Rapid Test to Establish Grading of Unbound Aggregate Products: Evaluation of Potential Aggregate Grading Technologies
(2000-02) Rauch, Alan F.; Haas, Carl T. (Carl Thomas); Kim, Hyoungkwan; Browne, Craig
A research study is underway to develop automated methods for rapidly grading aggregates on the production line in a typical aggregate separation or mixing facility. This interim report serves to document preliminary work on this project and presents: (1) A discussion of typical plant layouts, to identify potential sampling locations. The best sampling locations appear to be just after final screening, where sorted material is sent to stockpiles, and just before mixing the final product, where aggregates are fed from either stockpiles or charge bins. (2) A thorough examination of six potential technologies that could be used to rapidly determine particle size.
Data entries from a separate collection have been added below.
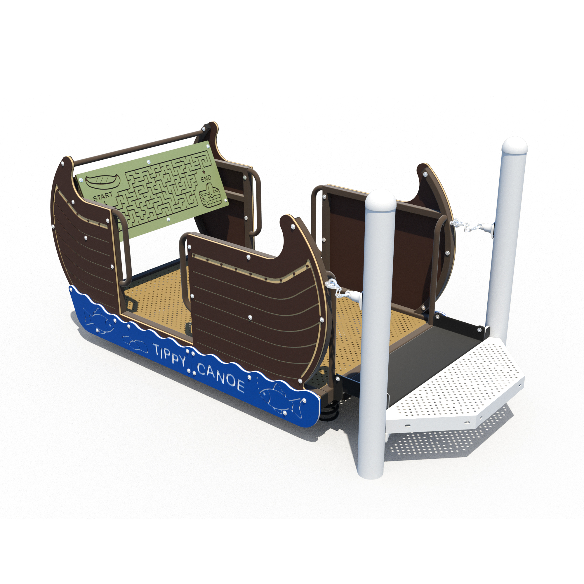 The Accessible Tippy Canoe is a wheelchair-accessible playground component designed for multi-ability, multi-age and multi-user fun. Mounted on ginat springs for a fun bouncing and rocking experience, it attaches directly to a playground deck and easily integrates with modular structures. Users with wheelchairs and other mobility aids can roll on independently and enjoy the motion alongside friends, creating a truly inclusive play experience. A maze at the front of the canoe serves as a fun finger puzzle, adding play value.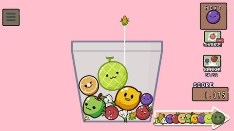 2、在有限的空间内合成更大的水果,如最大的水果,以达到特定的关卡;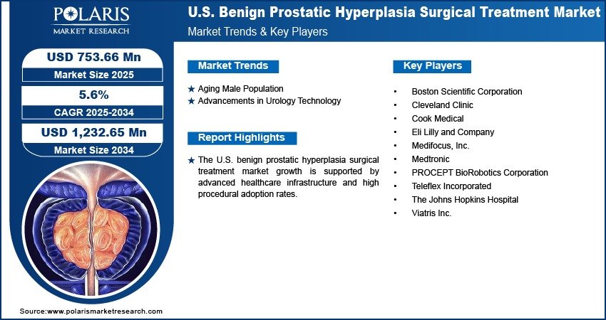 U.S. Benign Prostatic Hyperplasia Surgical Treatment Market Expected to Reach USD 1,232.65 Million by 2034, Growing at a CAGR of 5.6%

After a critical review and a formal decision analysis, both digital image analysis and laser profiling appear to be equally promising and worthy of additional study. (3) A discussion of our current thinking on how to configure scanning equipment of this kind. By considering innovative methods for presenting aggregate particles to the scanning sensor, the opportunity exists for advancing this technology. An outline of project work planned for the immediate future. Continuing our study of both digital image analysis and laser profiling, we plan to: 1. Conduct a limited, independent evaluation of three commercial particle-sizing machines, which all use digital image analysis. 2. Perform preliminary tests using a laser profiler. 3. Construct a laboratory test bed that can be used to test and evaluate various scanning sensors.